Bill Bonnar is a founding member of the Scottish Socialist Party.

== Personal life ==
A socialist activist for over forty years in Scotland, London, and Sudan, Bonnar has wide-ranging experience in the trade union movement and community politics. He worked as an aid worker in Sudan before the 1989 coup, and has worked full-time in the field of Community Development and Social and Economic Regeneration for the past 25 years.

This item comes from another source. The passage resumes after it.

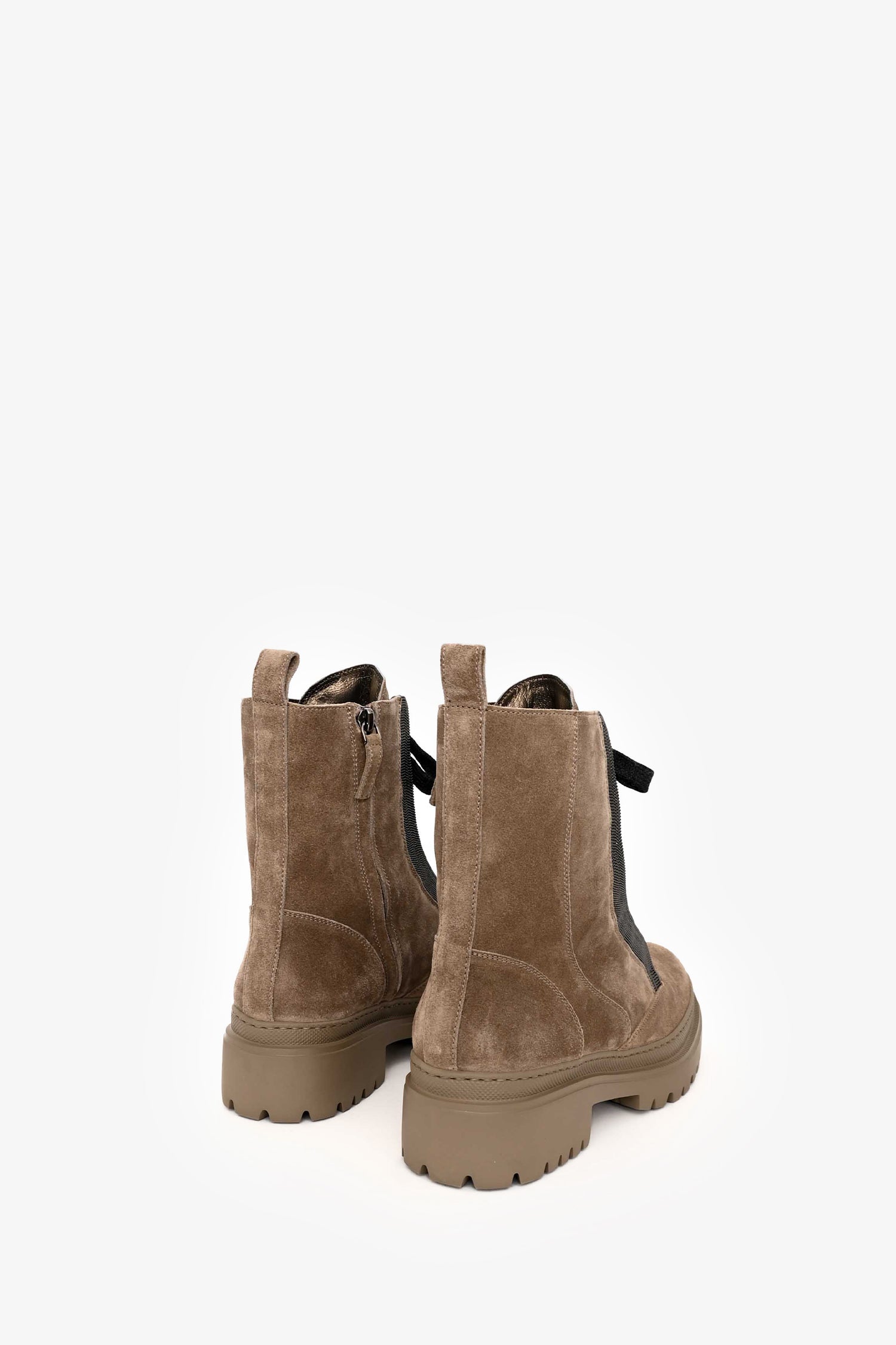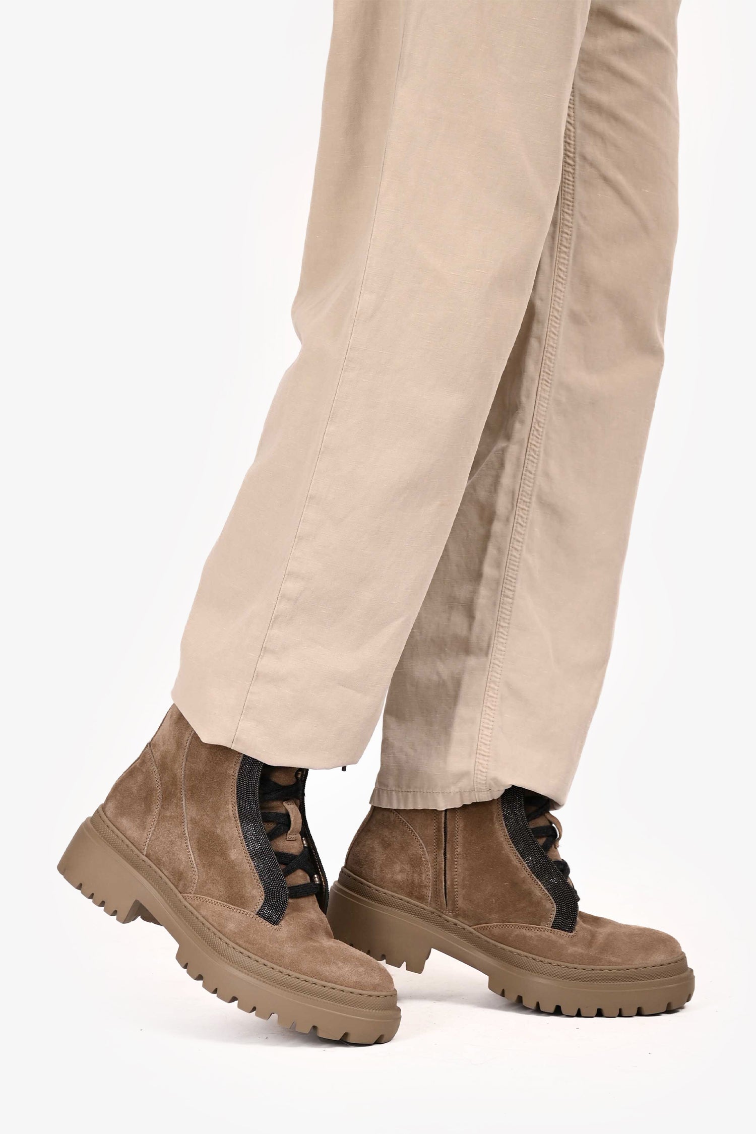 Refresh availabilityBrunello Cucinelli Beige Suede Leather Bead-Embellished Lace-Up Combat Boots. Lace-up. Side zip closure. Round toe. Leather lining and insole. Silver-tone hardware. Tonal stitching.

He worked for two years as a Community Worker in South Lanarkshire, seven years as Development Officer with housing associations in Glasgow and South Lanarkshire, including Govan Housing Association, and five years as a Social Enterprise Advisor with Glasgow Regeneration Agency.

Bonnar has a degree in Politics and History from the University of Stirling. He is married to Vivienne and they have two daughters, Jenny and Katie (who has also been active in the SSP).

== Political career ==
At some point, Bonnar served on the editorial committee of Marxism Today, a theoretical magazine generally seen as the standard-bearer for the "reformist" wing of the CPGB.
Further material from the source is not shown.